Return to Remodeling Normalcy

BY ERIK J. MARTIN ON SEPTEMBER 22ND, 2016

The housing downturn a few years ago caused many homeowners to retreat within their shells and abandon thoughts of residential improvement. But now, like the tortoise that beat the hare, they’re back in the remodeling race and ready to reap the rewards of renovation, suggests a new study.

The Joint Center for Housing Studies of Harvard University’s most recent quarterly Leading Indicator of Remodeling Activity report expects growth in home improvement and repair expenditures to hit 8 percent by the beginning of 2017, far outpacing the 4.9 percent historical average. Annual spending is anticipated to reach $321 billion by the middle of next year. That’s good news for both the real estate market and remodeling industry, say the experts.

“Homeowners should be rejoicing right now, as the past few years have been difficult for those who want to sell their homes,” says Angie Hicks, founder and CMO of Indianapolis-based Angie’s List. “This report’s findings are a signal for homeowners to immediately start getting their properties into shape to take advantage of better economic conditions and the fact that more renters are looking to buy homes due to rental rate increases.”

Karl Champley, an award-winning builder and developer, the season one winner of HGTV’s “Ellen’s Design Challenge,” and a member of a trend-forecasting panel for the National Kitchen and Bath Association (NKBA), says remodeling activity is on the rise based on several factors.

“Currently, there is a small unemployment figure, which creates more disposable income, and interest rates remain low, which makes it easier to borrow money for home improvement projects,” Champley says. “Stats also show that many homeowners are living in their homes longer and willing to invest in making their abodes more livable and enjoyable.”

Others are motivated to forgo new construction and purchase a fixer-upper they can renovate for less, and many who had delayed listing their homes due to previously poor market conditions are now eager to make improvements in order to sell and recoup a higher resale value.

“If you haven’t updated your home in a while, chances are pretty good that you’re behind. Part of successfully selling a home is looking at the competition and seeing if there are popular renovations going on in the neighborhood you may need to keep pace with,” says Joshua Jarvis, owner of Jarvis Team Realty in Duluth, Georgia.

Champley says your smartest remodeling investments remain kitchen and bathroom redos, although these can be among the most expensive rooms to upgrade.

“Adding an exterior deck can be a great way to extend your dining experience without making any major alterations to your home, and adding a handsome entrance door to your home is an inexpensive way to create great curb appeal and value,” Champley says.

Hicks cautions, however, that if you want to sell soon, it’s okay to “keep up with the Joneses” but don’t try to outdo them with lavish upgrades. Instead, consult closely with your real estate agent and consider smaller improvements, such as fixing leaks, focusing on curb appeal and adding a fresh coat of paint.

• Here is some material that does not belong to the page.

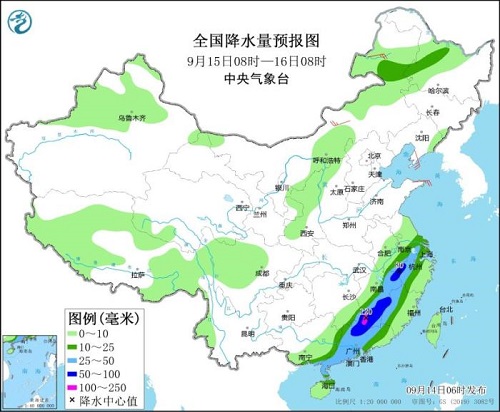 9月15日08时至16日08时,内蒙古东北部、黑龙江西南部、江淮东部和西部、江南中北部和南部、华南中北部和南部等地部分地区有中到大雨,其中,安徽南部、江西、福建西北部、广东西北部等地部分地区有暴雨或大暴雨(100~120毫米)。内蒙古东北部和中部、辽东半岛等地部分地区有4~5级风。

“If you want to sell in a few years, an investment in a major remodel makes more sense, as you’ll have time to enjoy the improvements in a more livable house and be in a great position as the market continues to heat up,” Hicks says. “My rule of thumb is don’t spend more than 20 percent of your current home’s value on remodeling projects or you likely won’t maximize your investment.”

Regardless of the scope of your chosen project, Champley recommends enlisting the help of an experienced designer who can better ensure a more desirable outcome.

“A home that has been designed correctly feels right with all elements complementing each other, not fighting each other,” Champley says.